Open AccessDesign, Synthesis, and Characterization of Novel Small Molecules as Broad Range Antischistosomal Agents
Author(s) -
Reid S. Tarpley,
Anastasia R. Rugel,
Analía López,
Travis Menard,
Guzman,
Alexander B. Taylor,
Xiaoguang Cao,
Frédéric D. Chevalier,
T Anderson,
P. John Hart,
Philip T. LoVerde,
Stanton F. McHardy
Publication year - 2018
Publication title -
acs medicinal chemistry letters
Language(s) - English
Resource type - Journals
SCImago Journal Rank - 1.065
H-Index - 66
ISSN - 1948-5875
DOI - 10.1021/acsmedchemlett.8b00257
Subject(s) - oxamniquine , praziquantel , schistosomiasis , schistosoma haematobium , schistosoma japonicum , schistosoma mansoni , drug , drug discovery , anthelmintic , biology , computational biology , pharmacology , immunology , helminths , bioinformatics , ecology
Schistosomiasis is a major human parasitic disease afflicting more than 250 million people, historically treated with chemotherapies praziquantel or oxamniquine.
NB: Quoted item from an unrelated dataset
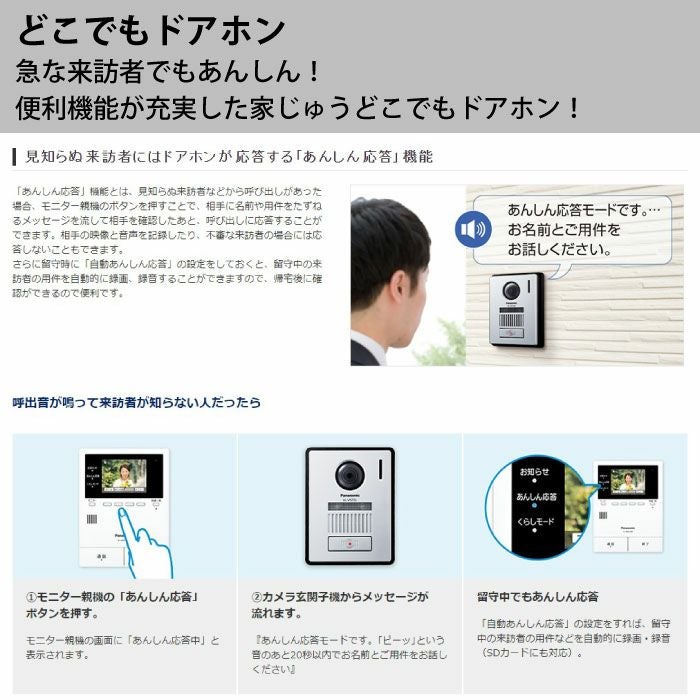 他の画像を見る 急な来訪者でも安心!便利機能が充実したどこでもドアホン VL-SWE310KFA パナソニック テレビドアホン 電源コード式・電源プラグ式 ¥ 33,630 税込 詳細を見る お気に入りに登録する

Since oxamniquine is species-specific, killing Schistosoma mansoni but not other schistosome species ( S. haematobium or S. japonicum ) and evidence for drug resistant strains is growing, research efforts have focused on identifying novel approaches. Guided by data from X-ray crystallographic studies and Schistosoma worm killing assays on oxamniquine, our structure-based drug design approach produced a robust structure-activity relationship (SAR) program that identified several new lead compounds with effective worm killing. These studies culminated in the discovery of compound 12a , which demonstrated broad-species activity in killing S. mansoni (75%), S. haematobium (40%), and S. japonicum (83%).